◆ Work required: Once the images are set aside, output the listing exactly as it stands.
--- Dataset entries Enclosed Below ---
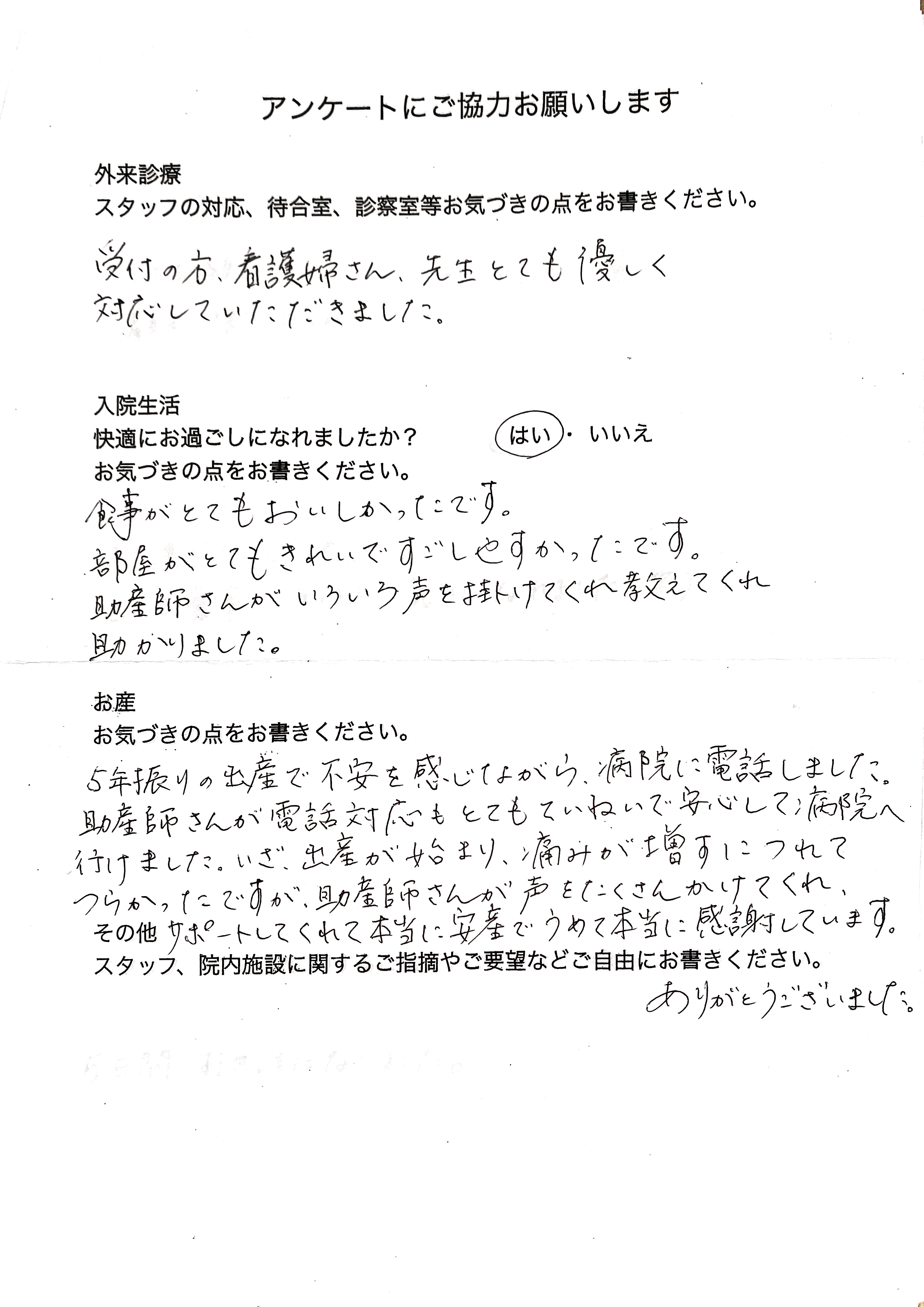 HOME > 当院ご出産のママの声 > 富士市・武田産婦人科ご出産のママの声 (NO.354)
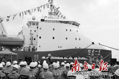 南方日报讯 (记者/黄少宏 通讯员/潘嘉嘉)5日,4500米载人潜水器工作母船及深海科考通用平台“探索一号”轮(如图)在广州南沙中船龙穴修造船基地中船澄西船舶(广州)有限公司完工交付,正式交付中国科学院,并将于6日从南沙启程,驶向海南三亚。该船近期还将计划驶往太平洋马里亚纳海沟,执行中科院先导专项“海斗深渊”科考任务。据悉,这是全国第一艘完全国产自制的深海潜水器支持母船。
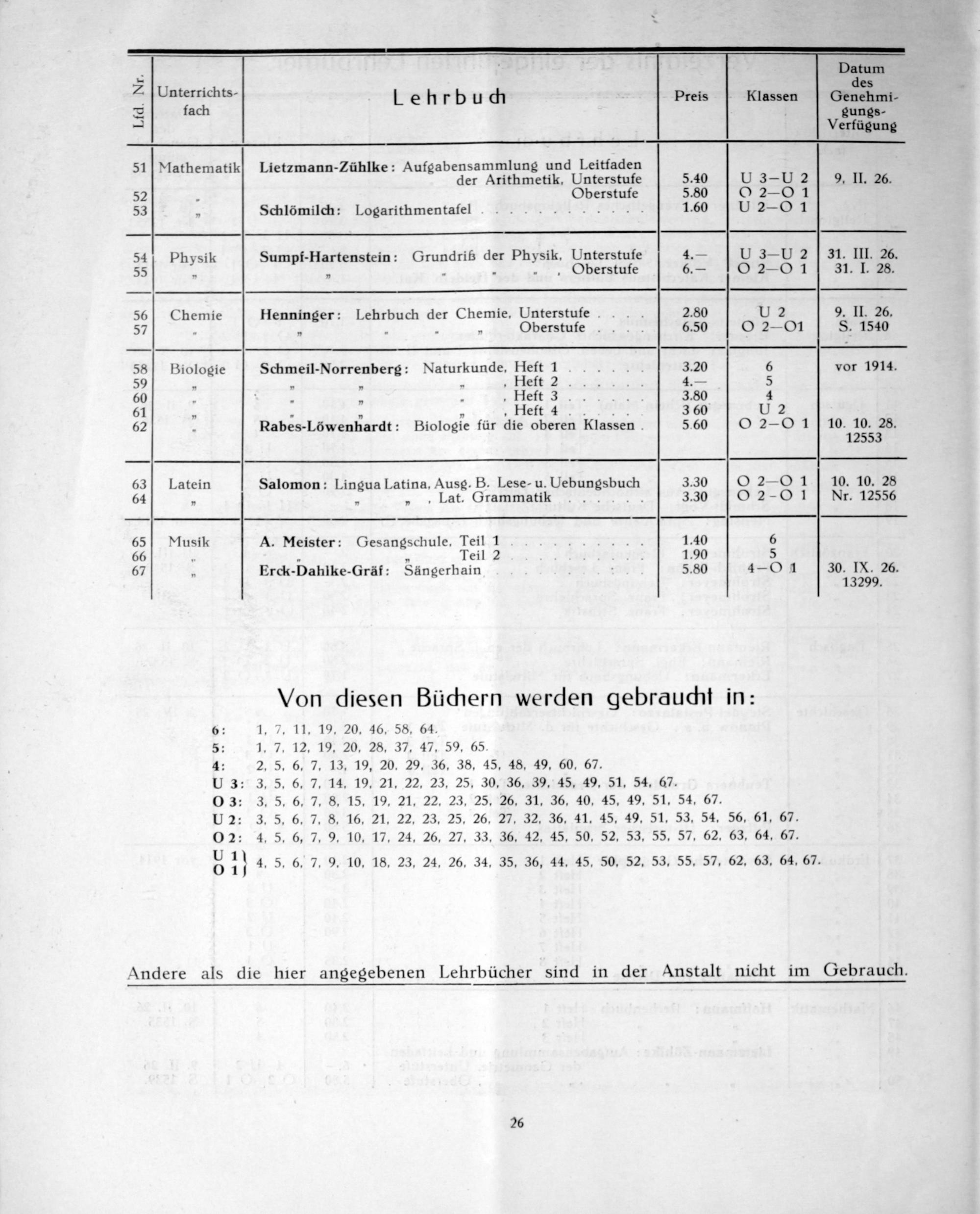 2 Untarrichts- Lehrbuch Preis Klassen Genehmi- 8 fach gungs- ₰ Verfügung 51 Mathematik Lietzmann-Zühlke: Aufgabensammlung und Leitfaden der Arithmetik, Unterstufe 5.40 U 3—U 2.. II. 26. 52 Oberstufe 5.80 O 2—0 1 53 Schlömilch: Logarithmentafel...... 1.60 U 2—0 1 54 Physik Sumpf-Hartenstein: Gruncris der Physik, Unterstufe 4.— U 3—U 2 31. III. 26. 55„„. Oberstufe 6.— O 2—0 1 VH3.1. I. 28. 56 Chemie Henninger: Lehrbuch der Chemie, Unterstufe. 2.80 U 2 9. II. 26. 57.„. Oberstufe 6.50 O 2—01 S. 1540 58 Biologie Schmeil-Norrenberg: Naturkunde, Heft 1 3.20 6 vor 1914. 59„„„„ Heft 2. 4.— 5 60.„.„ Heft 3.. 3.80 4 61.. Heft 4 3 60 U 2 62 Rabes-Löwenhardt: Biologie für die oberen Klassen 5 60 O 2—0 1ſ10. 10. 28. 12553 63 Latein Salomon: Lingua Latina, Ausg. B. Lese- u. Uebunesbuch 3.30 O 2—0 1 10. 10. 28 64„„„ Lat. Grammatik.. 3.30 O 2- O 1 Nr. 12556 65 Musik A. Meister: Gesangschule, Teil 1 1.40 6 66.„ Teil 2 1.90 5 67 Erck-Dahlke-Gräf: Sängerhain 5.80 4— O 1 30. IX. 26. 13299. Von diesen Büchern werden gebraucht in: 6: 1. 7. 11, 19. 20. 46, 58, 64. 5: 1.7, 12, 19. 20. 28. 37, 47, 59. 65 4: 2. 5. 6, 7. 13, 19, 20. 29, 36. 38. 45,. 48. 49. 60. 67. U 3: 3., 5. 6. 7. 14, 19, 21. 22. 23, 25. 30. 36. 39. 45,. 49. 51. 54. 67. O0 3: 3, 5. 6. 7. 8. 15. 19, 21, 22, 23, 25. 25. 31. 36, 40, 45. 49. 51. 54, 67. U 2: 3. P5, 6. 7. 8. 16. 21. 22, 23, 25, 26, 27, 32. 36. 41. 45. 49. 51. 53. 54,. 56, 61, 67. 02: 4. 5, 6, 7,. 9. 10. 17, 24. 26, 27, 33. 36. 42. 45. 50, 52. 53. 55. 57, 62. 63, 64, 67. 9 1) 4. 5. 6, 7, 9. 10. 18. 23, 24. 26. 34, 35, 36, 44. 45, 50. 52. 53, 55. 57, 62. 63, 64, 67. Andere als die hier angegebenen Lehrbücher sind in der Anstalt nicht im Gebrauch.
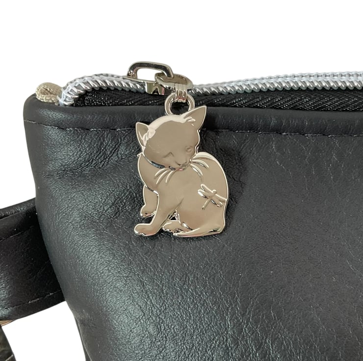 The bag closes with a zip that is slightly longer to enable you to open it fully. This has a smart metal zip end. Both external zips feature cat zip pulls.
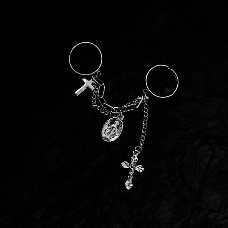 Vintage Cross One Piece Ring Female Double Fingers Jesus
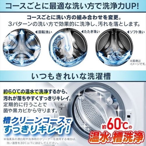 ・温水洗浄+乾燥/洗浄力の高い温水洗浄後と合わせてしっかり洗濯・乾燥
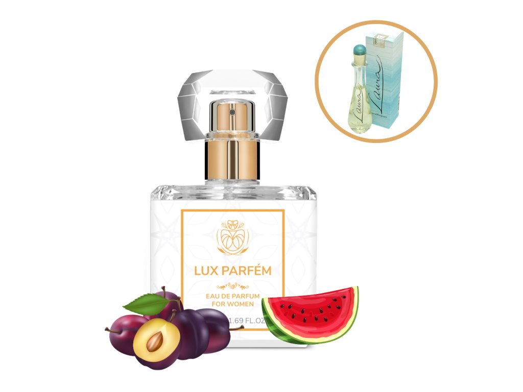 Náš parfém je inspirován květinovou vůní Laura. Vrchní tóny tvoří liči, švestka, zelené tóny, broskev, bergamot, vodní meloun a brazilské růžové dřevo, střední tóny jsou brambořík, fialka, frézie, jasmín, orchidej, lilie a růže a základ tvoří santalové dřevo, ambra a cedr.
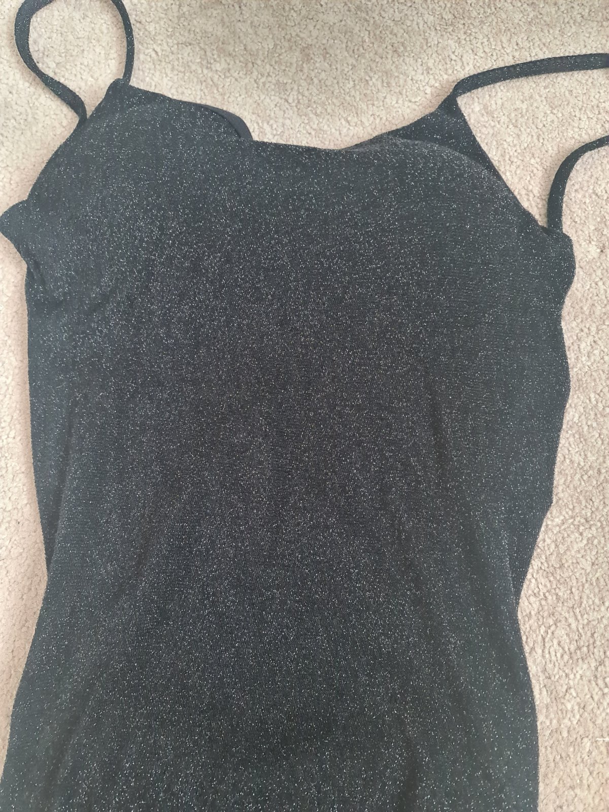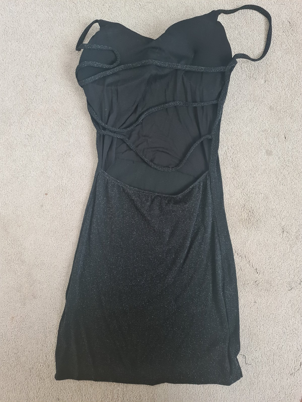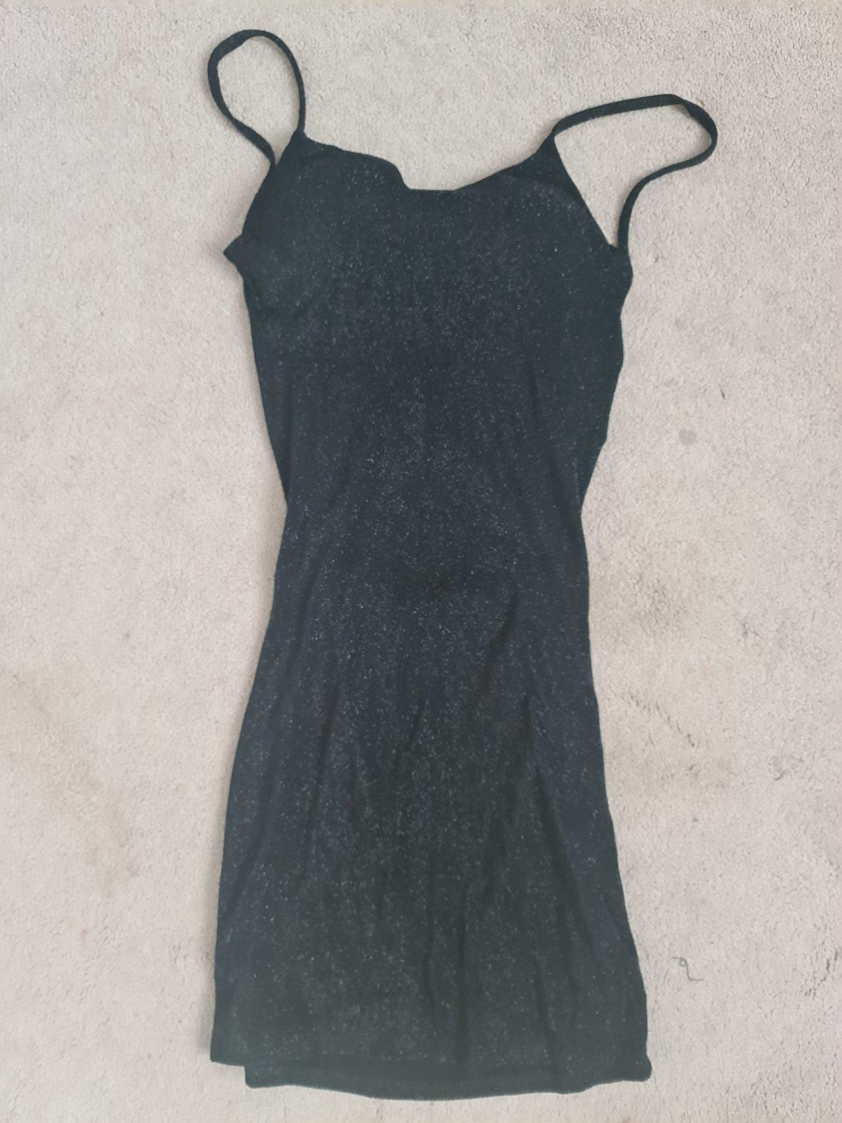 Úplne nové, trblietkavé s holým chrbátom. Za mňa skôr XS/S. Elastické.
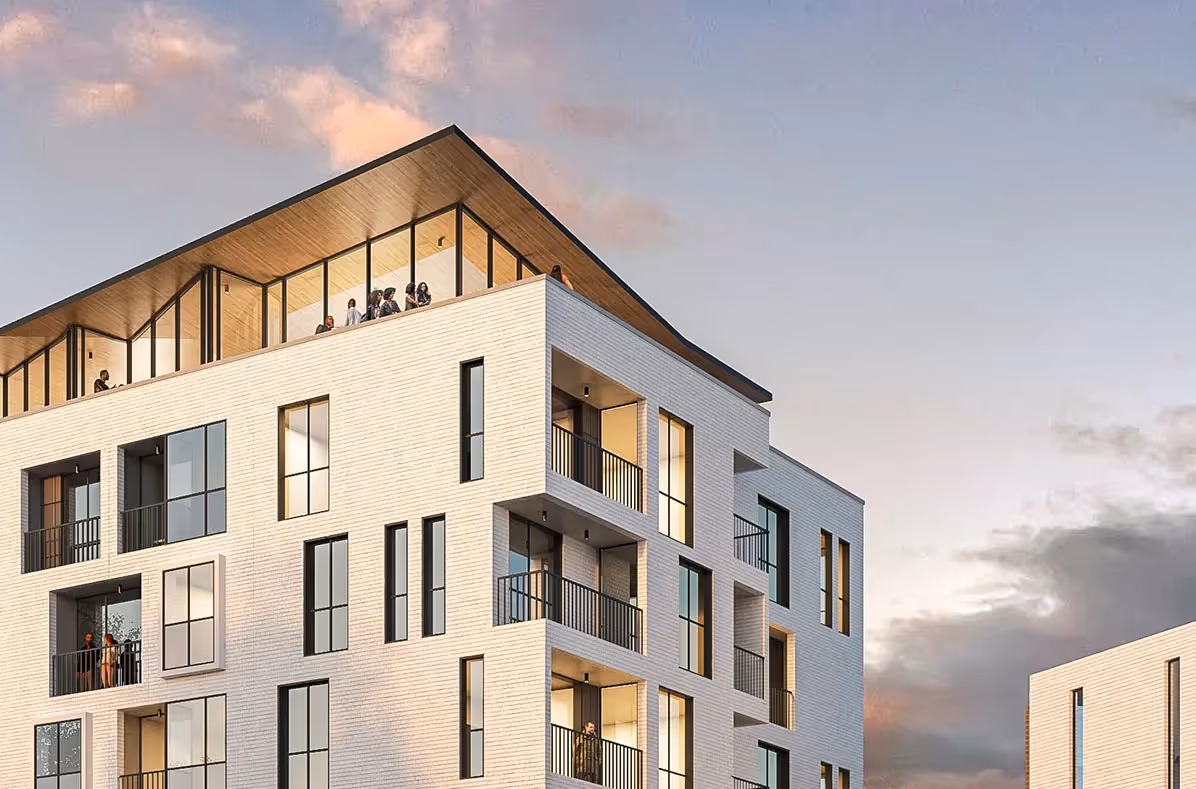 The design responds to the site’s sloping topography, resulting in a seven-storey block to one side of the site and a lower, four-storey construction opposite, respecting the zoning requirements and acknowledging the scale of the surrounding urban fabric. These buildings encompass around 600 units in studio, one-bedroom and two-bedroom configurations, designed around a large landscaped courtyard that creates an active social environment containing a gym, swimming pool and ball court. Mixed-used elements include co-working spaces, a coffee shop with meeting rooms and a spectacular rooftop restaurant and a bar
--- End of Enclosed Dataset entries ---
◆ Exercise result:
 HOME > 当院ご出産のママの声 > 富士市・武田産婦人科ご出産のママの声 (NO.354)
 南方日报讯 (记者/黄少宏 通讯员/潘嘉嘉)5日,4500米载人潜水器工作母船及深海科考通用平台“探索一号”轮(如图)在广州南沙中船龙穴修造船基地中船澄西船舶(广州)有限公司完工交付,正式交付中国科学院,并将于6日从南沙启程,驶向海南三亚。该船近期还将计划驶往太平洋马里亚纳海沟,执行中科院先导专项“海斗深渊”科考任务。据悉,这是全国第一艘完全国产自制的深海潜水器支持母船。
 2 Untarrichts- Lehrbuch Preis Klassen Genehmi- 8 fach gungs- ₰ Verfügung 51 Mathematik Lietzmann-Zühlke: Aufgabensammlung und Leitfaden der Arithmetik, Unterstufe 5.40 U 3—U 2.. II. 26. 52 Oberstufe 5.80 O 2—0 1 53 Schlömilch: Logarithmentafel...... 1.60 U 2—0 1 54 Physik Sumpf-Hartenstein: Gruncris der Physik, Unterstufe 4.— U 3—U 2 31. III. 26. 55„„. Oberstufe 6.— O 2—0 1 VH3.1. I. 28. 56 Chemie Henninger: Lehrbuch der Chemie, Unterstufe. 2.80 U 2 9. II. 26. 57.„. Oberstufe 6.50 O 2—01 S. 1540 58 Biologie Schmeil-Norrenberg: Naturkunde, Heft 1 3.20 6 vor 1914. 59„„„„ Heft 2. 4.— 5 60.„.„ Heft 3.. 3.80 4 61.. Heft 4 3 60 U 2 62 Rabes-Löwenhardt: Biologie für die oberen Klassen 5 60 O 2—0 1ſ10. 10. 28. 12553 63 Latein Salomon: Lingua Latina, Ausg. B. Lese- u. Uebunesbuch 3.30 O 2—0 1 10. 10. 28 64„„„ Lat. Grammatik.. 3.30 O 2- O 1 Nr. 12556 65 Musik A. Meister: Gesangschule, Teil 1 1.40 6 66.„ Teil 2 1.90 5 67 Erck-Dahlke-Gräf: Sängerhain 5.80 4— O 1 30. IX. 26. 13299. Von diesen Büchern werden gebraucht in: 6: 1. 7. 11, 19. 20. 46, 58, 64. 5: 1.7, 12, 19. 20. 28. 37, 47, 59. 65 4: 2. 5. 6, 7. 13, 19, 20. 29, 36. 38. 45,. 48. 49. 60. 67. U 3: 3., 5. 6. 7. 14, 19, 21. 22. 23, 25. 30. 36. 39. 45,. 49. 51. 54. 67. O0 3: 3, 5. 6. 7. 8. 15. 19, 21, 22, 23, 25. 25. 31. 36, 40, 45. 49. 51. 54, 67. U 2: 3. P5, 6. 7. 8. 16. 21. 22, 23, 25, 26, 27, 32. 36. 41. 45. 49. 51. 53. 54,. 56, 61, 67. 02: 4. 5, 6, 7,. 9. 10. 17, 24. 26, 27, 33. 36. 42. 45. 50, 52. 53. 55. 57, 62. 63, 64, 67. 9 1) 4. 5. 6, 7, 9. 10. 18. 23, 24. 26. 34, 35, 36, 44. 45, 50. 52. 53, 55. 57, 62. 63, 64, 67. Andere als die hier angegebenen Lehrbücher sind in der Anstalt nicht im Gebrauch.
 The bag closes with a zip that is slightly longer to enable you to open it fully. This has a smart metal zip end. Both external zips feature cat zip pulls.
 Vintage Cross One Piece Ring Female Double Fingers Jesus
 ・温水洗浄+乾燥/洗浄力の高い温水洗浄後と合わせてしっかり洗濯・乾燥
 Náš parfém je inspirován květinovou vůní Laura. Vrchní tóny tvoří liči, švestka, zelené tóny, broskev, bergamot, vodní meloun a brazilské růžové dřevo, střední tóny jsou brambořík, fialka, frézie, jasmín, orchidej, lilie a růže a základ tvoří santalové dřevo, ambra a cedr.
 Úplne nové, trblietkavé s holým chrbátom. Za mňa skôr XS/S. Elastické.
 The design responds to the site’s sloping topography, resulting in a seven-storey block to one side of the site and a lower, four-storey construction opposite, respecting the zoning requirements and acknowledging the scale of the surrounding urban fabric. These buildings encompass around 600 units in studio, one-bedroom and two-bedroom configurations, designed around a large landscaped courtyard that creates an active social environment containing a gym, swimming pool and ball court. Mixed-used elements include co-working spaces, a coffee shop with meeting rooms and a spectacular rooftop restaurant and a bar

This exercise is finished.